Budget 2003 allocates $2.457 million over four years for aircraft, passenger, and mail clearance. Another $2.3 million next financial year, rising to $2.5 million for the two following financial years, has been allocated for exotic disease response capability, specifically for foot and mouth disease. Extra ongoing funding of $117,000 has been allocated for reference laboratories, and $1.2 million has been allocated next financial year for surveillance for gypsy moth, wood-boring and bark beetles, and fire ants.

In addition, the government has allocated through the cross-departmental research pool administered by MORST $170,000 in 2003-04 and $365,000 in 2004-05 to produce a national wildlife disease surveillance framework to enable the future development of strategic and prioritized wildlife surveillance systems.

Mr Sutton said the government took biosecurity extremely seriously.

“Since we became government, we have worked to fill the holes and close the gaps previous governments left in our biosecurity and border controls.
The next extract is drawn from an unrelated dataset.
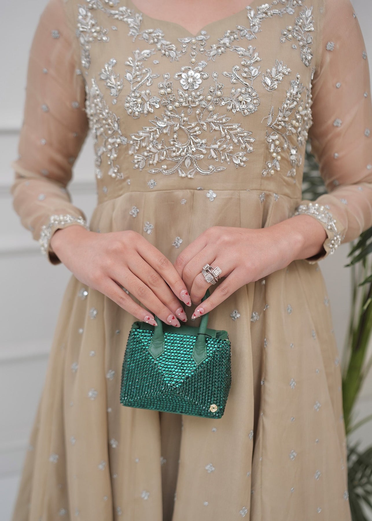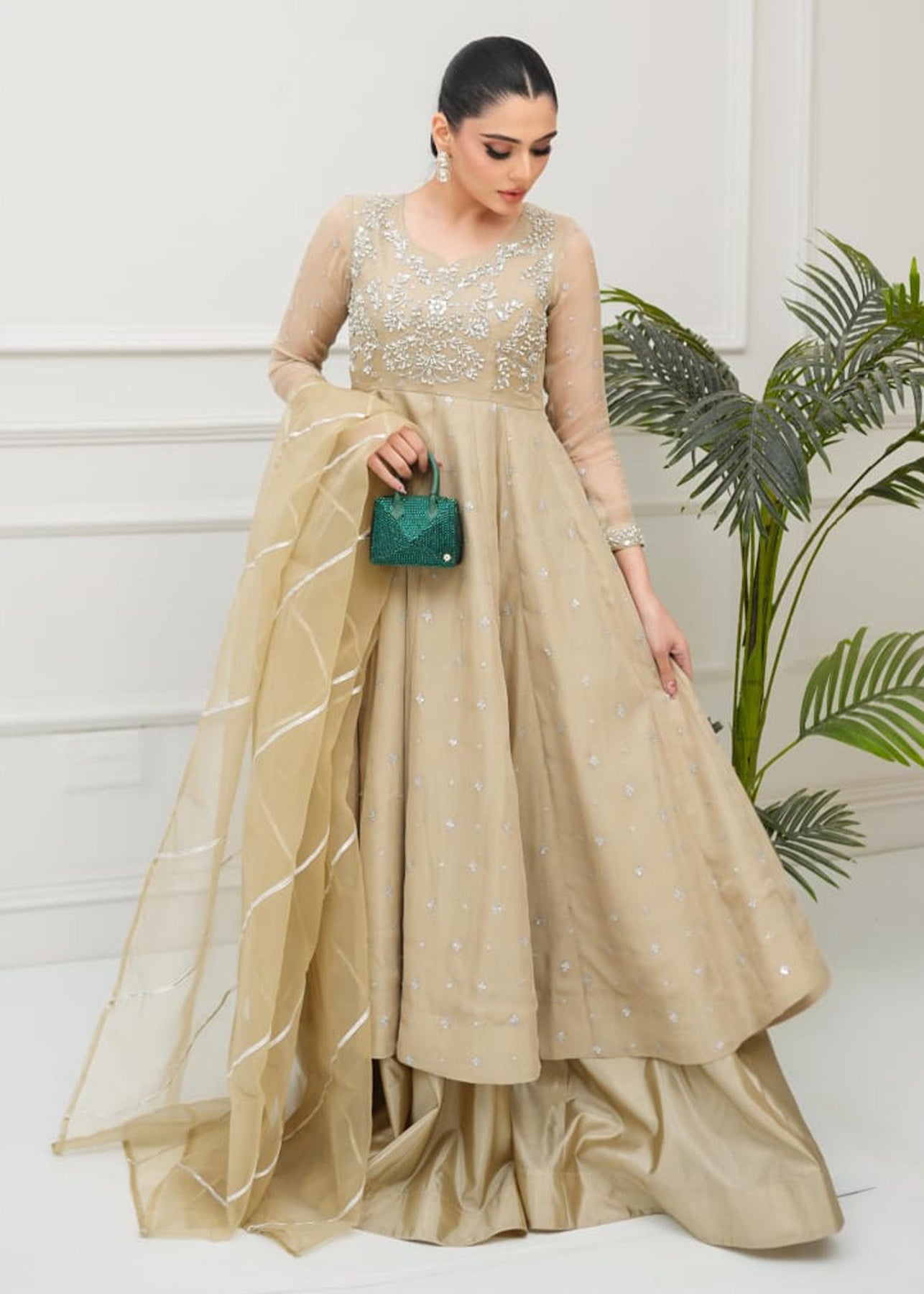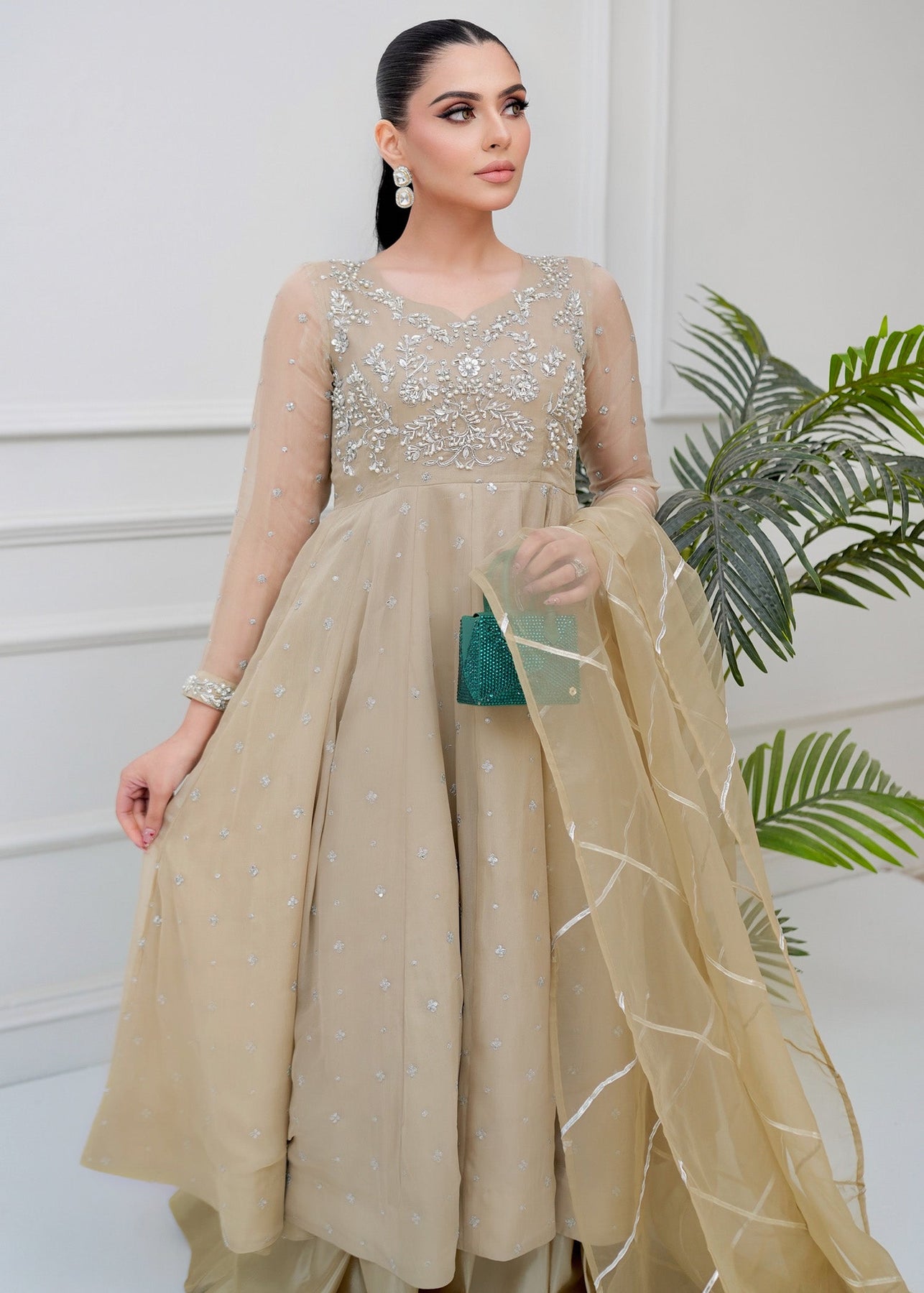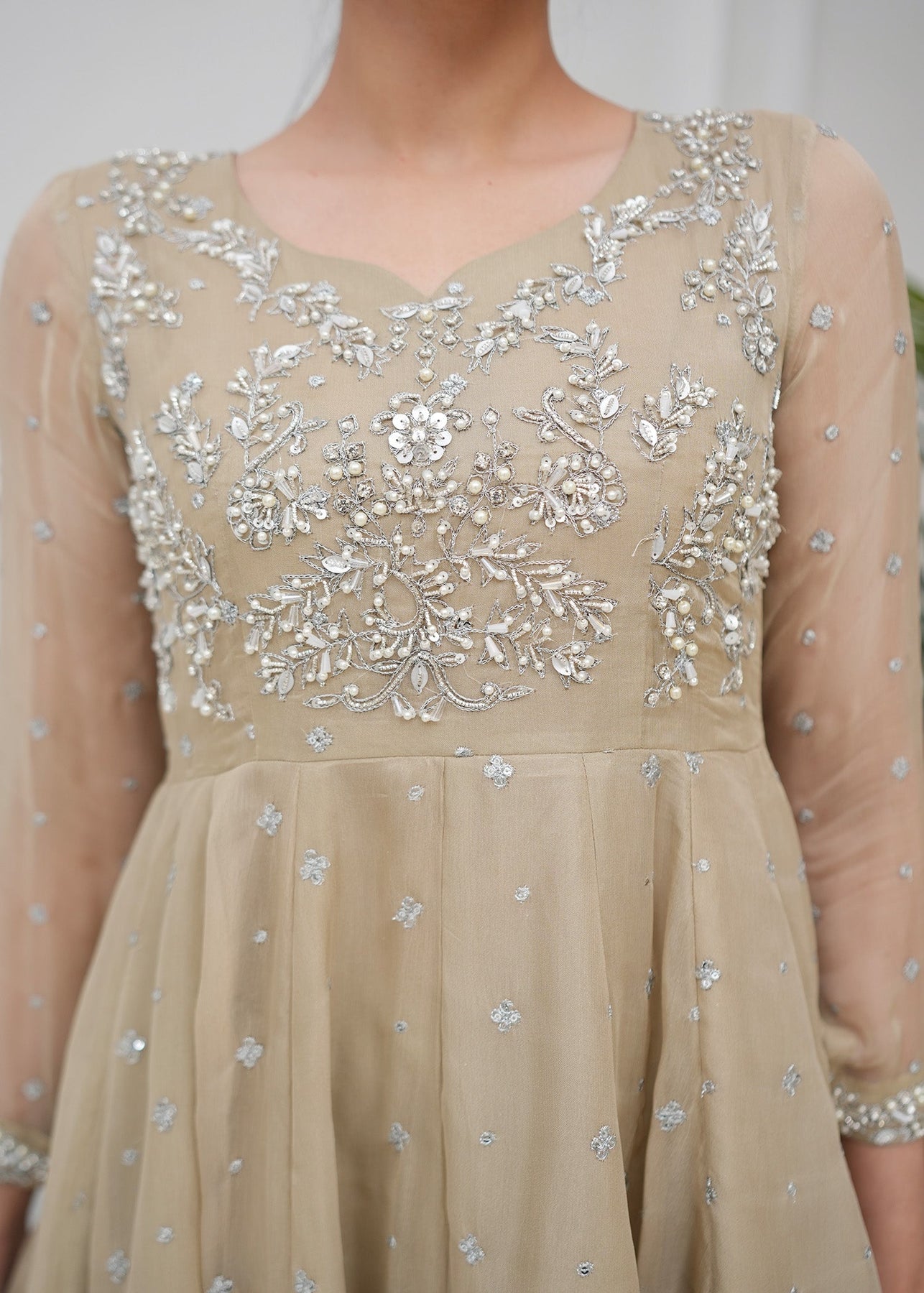 This sophisticated three-piece ensemble is presented in a warm champagne beige hue, offering a timeless and understated elegance perfect for elevated festive wear. Designed to exude grace and refinement, the outfit features a fluid, flared silhouette that enhances movement while maintaining a structured, flattering form. The bodice is adorned with intricate, finely detailed embroidery that adds a subtle shimmer against the neutral base, creating a luxurious yet balanced aesthetic. The embellishment is thoughtfully placed to highlight the upper silhouette, flowing seamlessly into the airy fall of the fabric. The look is completed with a sheer, lightweight dupatta, finished with delicate linear accents along the borders. Its fluid drape adds movement and dimension, perfectly complementing the understated elegance of the ensemble.

Extra Ministry of Agriculture and Forestry staff have been employed, more soft-tissue x-ray machines and detector dogs have been installed in airports around the country. Instant fines for breaches have been implemented. We are still the only country in the world to screen mail, air crew and passengers and their baggage for biosecurity breaches.”

Mr Sutton said that according to an Auditor-General’s report, this government is now spending $50 million extra a year on baseline biosecurity funding than previous governments.

“Primary production is the cornerstone of the New Zealand economy, and the government is working hard to ensure our country is kept free from pests and diseases that could devastate trees, crops, and animals.”